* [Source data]

-----

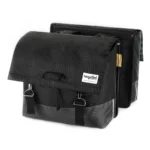 Urban Proof 55L dubbele fietstas is een sterke tas met een verstevigde rug en bodem, gemaakt van gerecycled PET materiaal (RPET). De tas heeft twee ruime opbergvakken met een totale inhoud van 55 liter. Hij is zo gemaakt dat je snel en eenvoudig de tas kan openen en sluiten met de chromen haken. De tas is gemaakt van waterafstotend RPET en heeft aan de binnenkant een waterbestendige voering als extra bescherming voor jouw spullen.
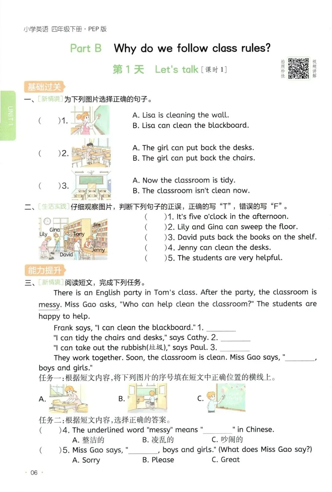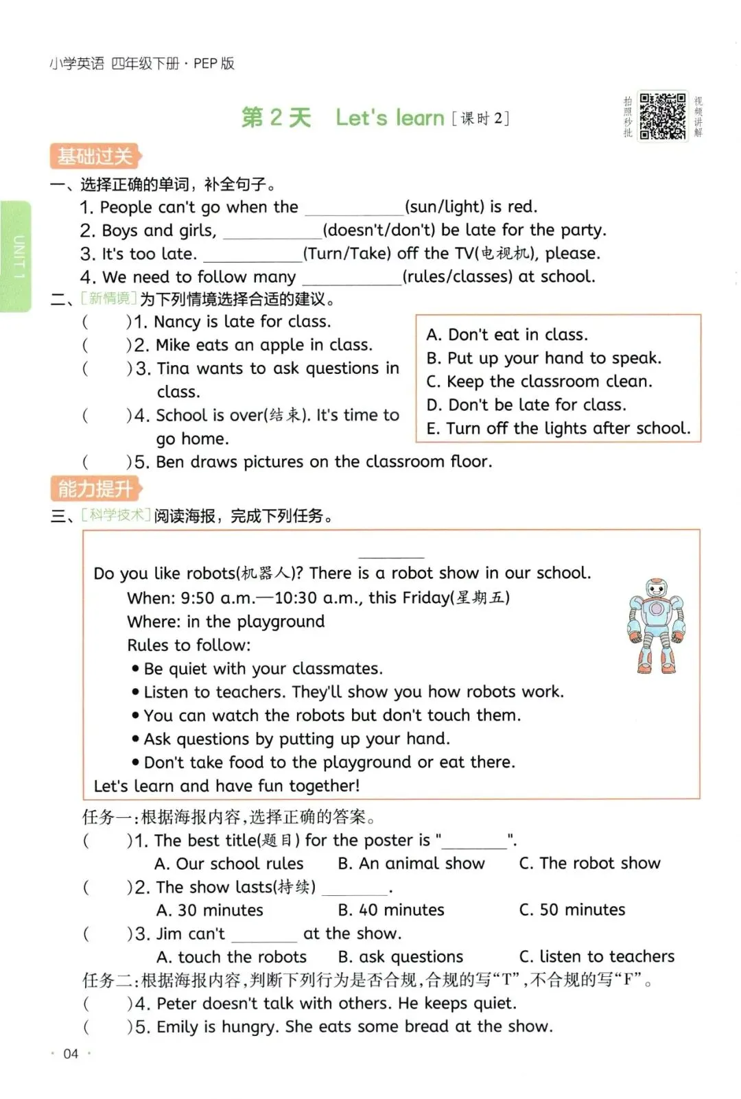 26春(人教pep版)四年级下册 英语《 全册课后小练习+单元综合测试练习+听力音频 》附答案 可打印下载
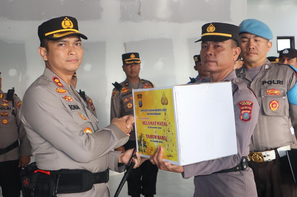 Lidikcyber.com, Asahan – Kapolres Asahan, AKBP Roman Smaradhana Elhaj, SH, SIK, MH telah melaksanakan kegiatan Upacara pemberian Piagam Penghargaan kepada Personel Polres Asahan yang berprestasi dan Penyerahan Paket Natal dan Tahun Baru bagi yang beragama Nasrani yang digelar di Aula Wira Satya Polres Asahan Rabu (21/12/2022) sekira jam 08.00 Wib.
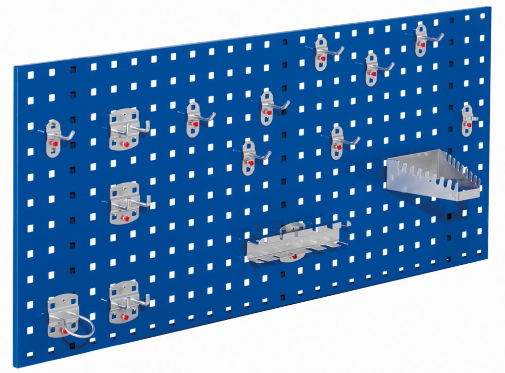 Einsteigerset, bestehend aus 1 Lochplatte 1000x450 mm und 15-teiligem Werkzeughaltersor timent, RAL 5010 E854321
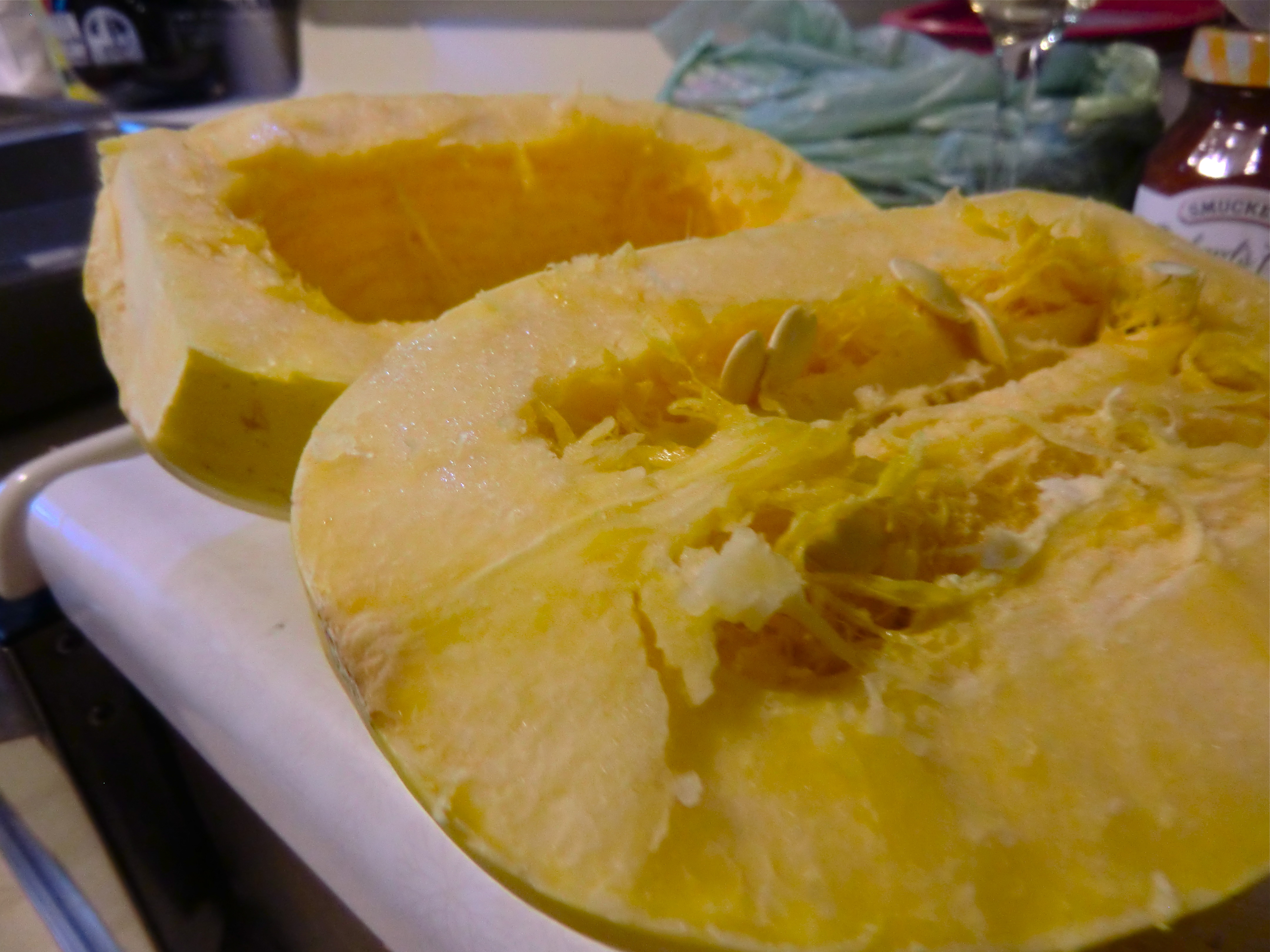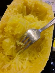 1 medium-sized spaghetti squash, sliced in half, seeds removed
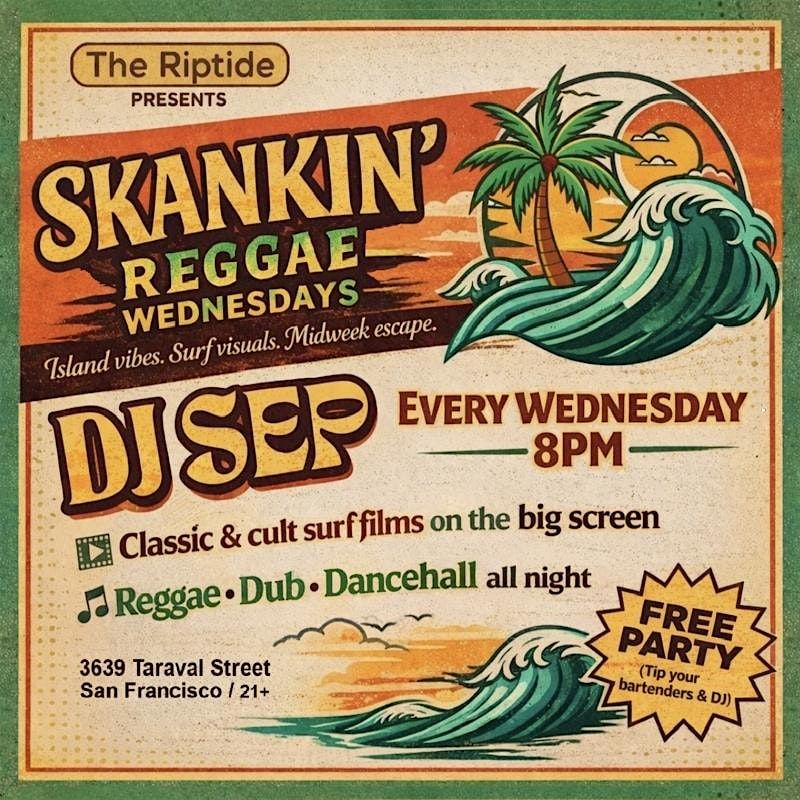 Every Wednesday: dub, reggae & dancehall with DJ Sep, plus surf movies on the big screen at The Riptide (SF). 8 pm to midnight / 21+ / FreeAbout this Event
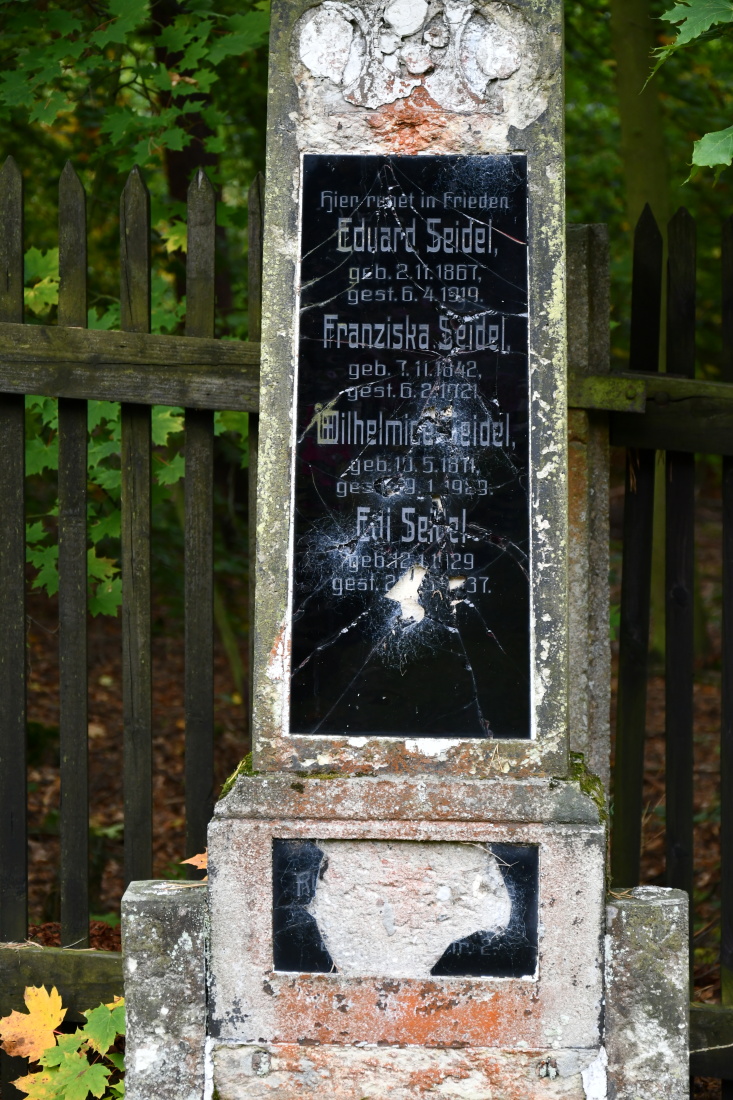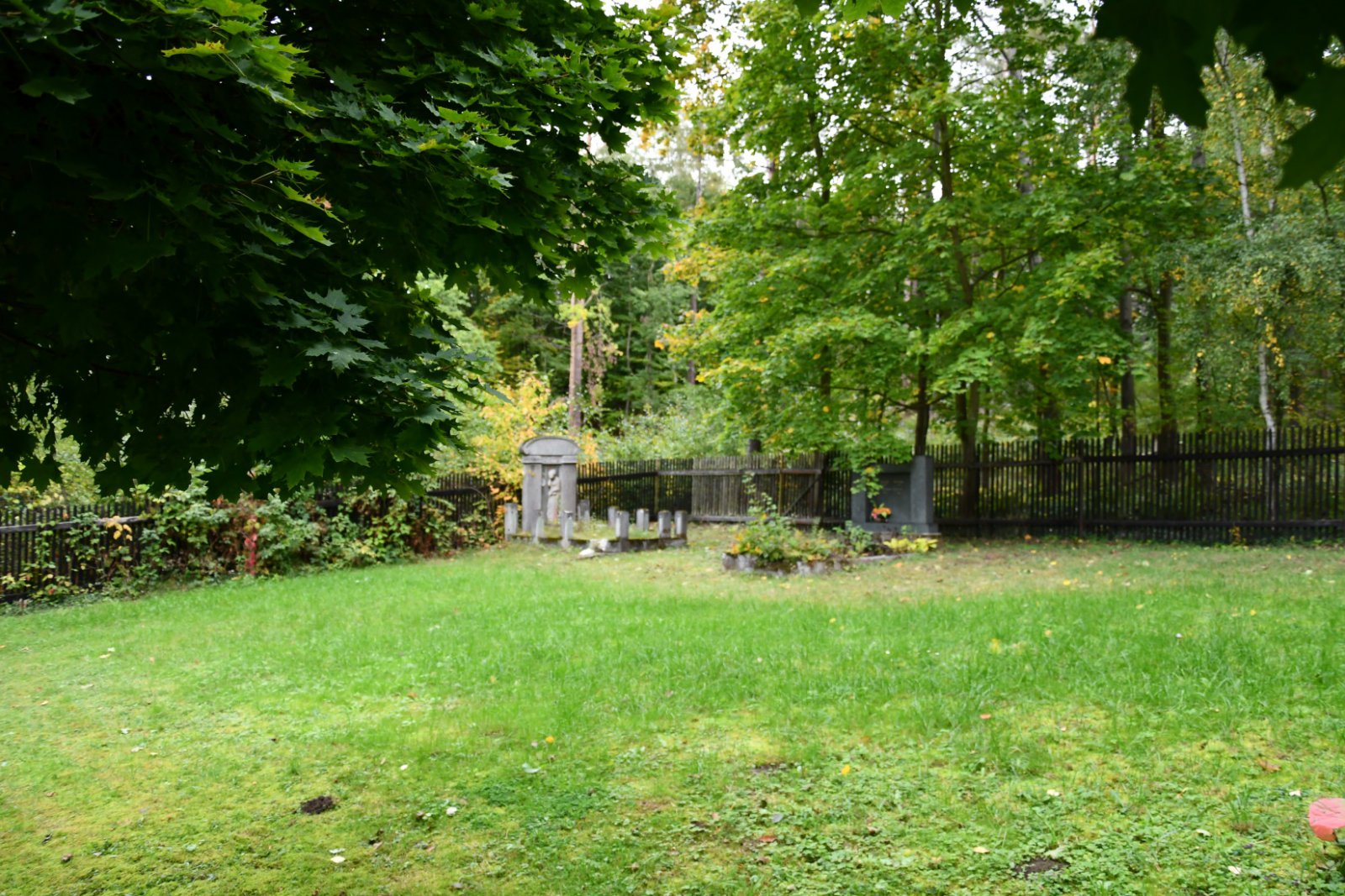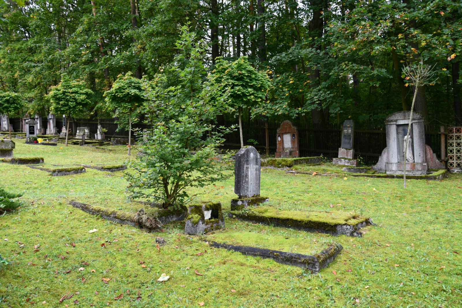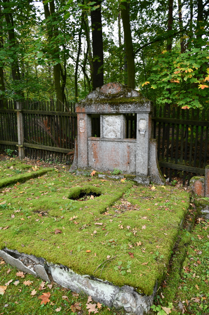 Udržovaný hřbitov s novou ohradní zdí se nachází na okraji lesa. Plocha hřbitova je plná starých rozpadajících se náhrobků.
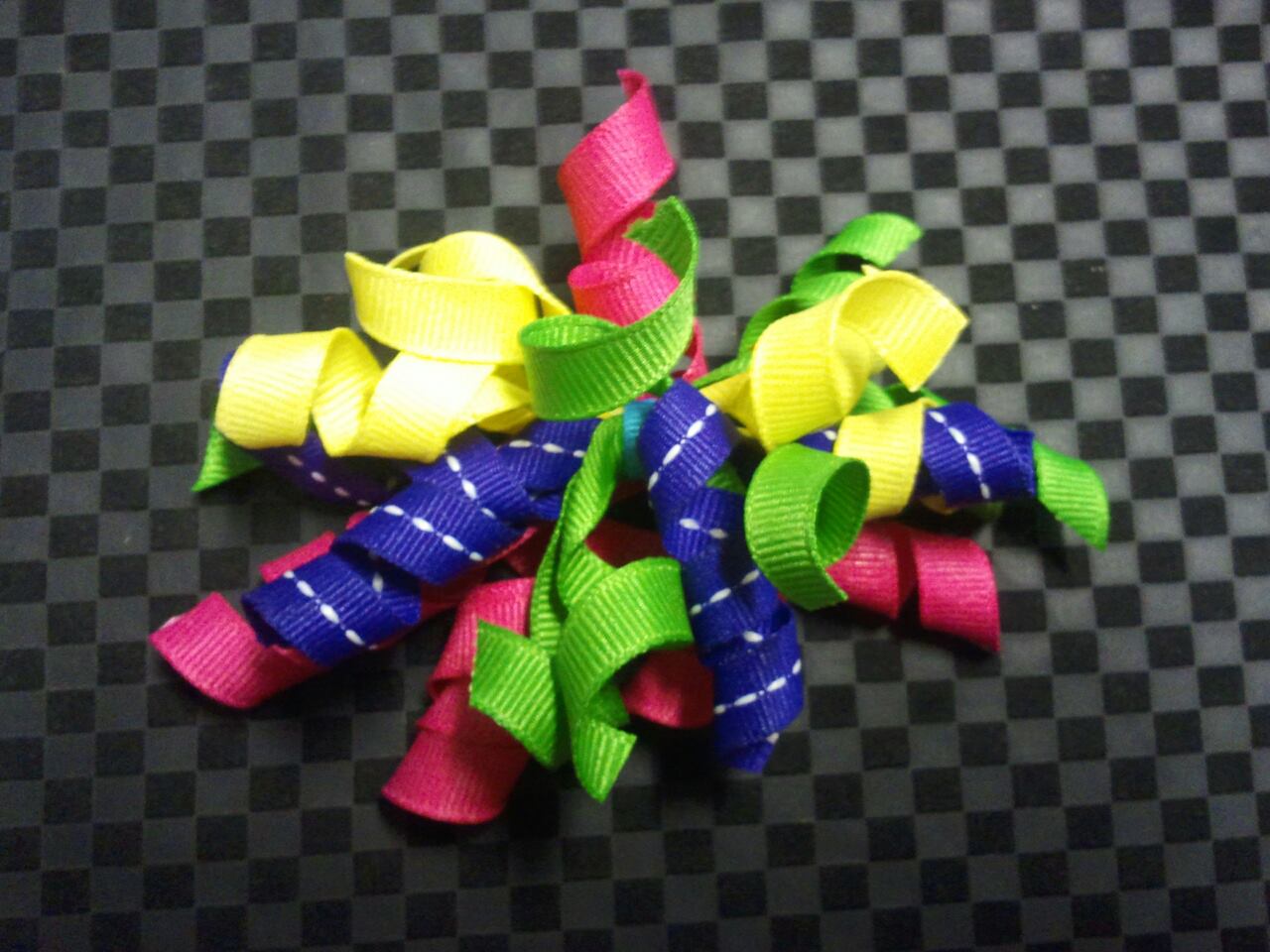 Multicolored ribbon twirls attached to an alligator clip.
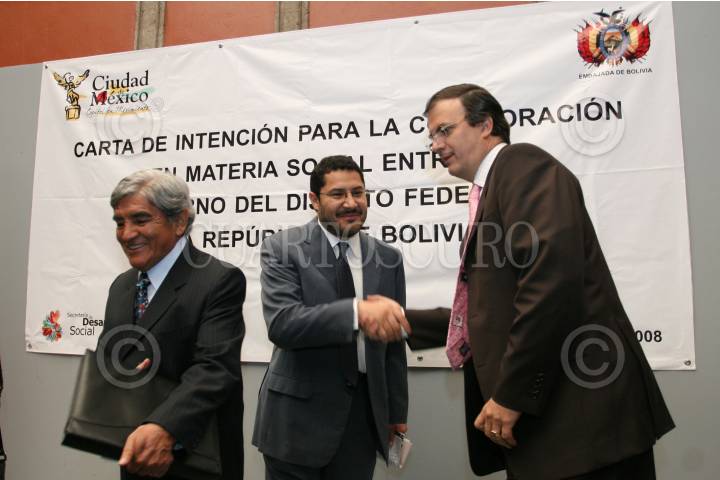 MÉXICO D.F. 11FEBRERO2008.-Marcelo Ebrad jefe de gobierno capitalino realizó la Firma de la Carta Intención para el Intercambio de Información y Colaboración en materia de Desarrollo Social con la Embajada de Bolivia.En la imege es acompañado por Jorge Mansilla Torres Embajador de Bolivia en México y Marti Batres, Secretario de Desarrollo Social del gobierno del D.F. FOTO: GUILLERMO PEREA/CUARTOSCURO.COM
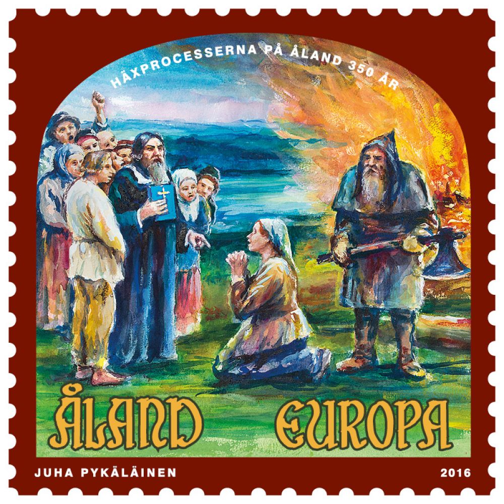 Známka ve výrazných barvách z dílny designéra Juhy Pykäläinena vyšla v roce 2016 k připomenutí uplynutí 350 let od započetí honu na čarodějnice na Ålandách. Na Ålandách vypuknul hon na čarodějnice dříve než ve Švédsku i Finsku a v šedesátých létech sedmnáctého století zde bylo popraveno sedm žen obviněných z čarodějnictví. Známka v nominální hodnotě 1,30 € zobrazuje obviněnou před popravou.

-----

You are asked to output the records precisely as they appear, minus any pictures.

* [Solution]
 Urban Proof 55L dubbele fietstas is een sterke tas met een verstevigde rug en bodem, gemaakt van gerecycled PET materiaal (RPET). De tas heeft twee ruime opbergvakken met een totale inhoud van 55 liter. Hij is zo gemaakt dat je snel en eenvoudig de tas kan openen en sluiten met de chromen haken. De tas is gemaakt van waterafstotend RPET en heeft aan de binnenkant een waterbestendige voering als extra bescherming voor jouw spullen.
 26春(人教pep版)四年级下册 英语《 全册课后小练习+单元综合测试练习+听力音频 》附答案 可打印下载
 Lidikcyber.com, Asahan – Kapolres Asahan, AKBP Roman Smaradhana Elhaj, SH, SIK, MH telah melaksanakan kegiatan Upacara pemberian Piagam Penghargaan kepada Personel Polres Asahan yang berprestasi dan Penyerahan Paket Natal dan Tahun Baru bagi yang beragama Nasrani yang digelar di Aula Wira Satya Polres Asahan Rabu (21/12/2022) sekira jam 08.00 Wib.
 Einsteigerset, bestehend aus 1 Lochplatte 1000x450 mm und 15-teiligem Werkzeughaltersor timent, RAL 5010 E854321
 1 medium-sized spaghetti squash, sliced in half, seeds removed
 Every Wednesday: dub, reggae & dancehall with DJ Sep, plus surf movies on the big screen at The Riptide (SF). 8 pm to midnight / 21+ / FreeAbout this Event
 Udržovaný hřbitov s novou ohradní zdí se nachází na okraji lesa. Plocha hřbitova je plná starých rozpadajících se náhrobků.
 Multicolored ribbon twirls attached to an alligator clip.
 MÉXICO D.F. 11FEBRERO2008.-Marcelo Ebrad jefe de gobierno capitalino realizó la Firma de la Carta Intención para el Intercambio de Información y Colaboración en materia de Desarrollo Social con la Embajada de Bolivia.En la imege es acompañado por Jorge Mansilla Torres Embajador de Bolivia en México y Marti Batres, Secretario de Desarrollo Social del gobierno del D.F. FOTO: GUILLERMO PEREA/CUARTOSCURO.COM
 Známka ve výrazných barvách z dílny designéra Juhy Pykäläinena vyšla v roce 2016 k připomenutí uplynutí 350 let od započetí honu na čarodějnice na Ålandách. Na Ålandách vypuknul hon na čarodějnice dříve než ve Švédsku i Finsku a v šedesátých létech sedmnáctého století zde bylo popraveno sedm žen obviněných z čarodějnictví. Známka v nominální hodnotě 1,30 € zobrazuje obviněnou před popravou.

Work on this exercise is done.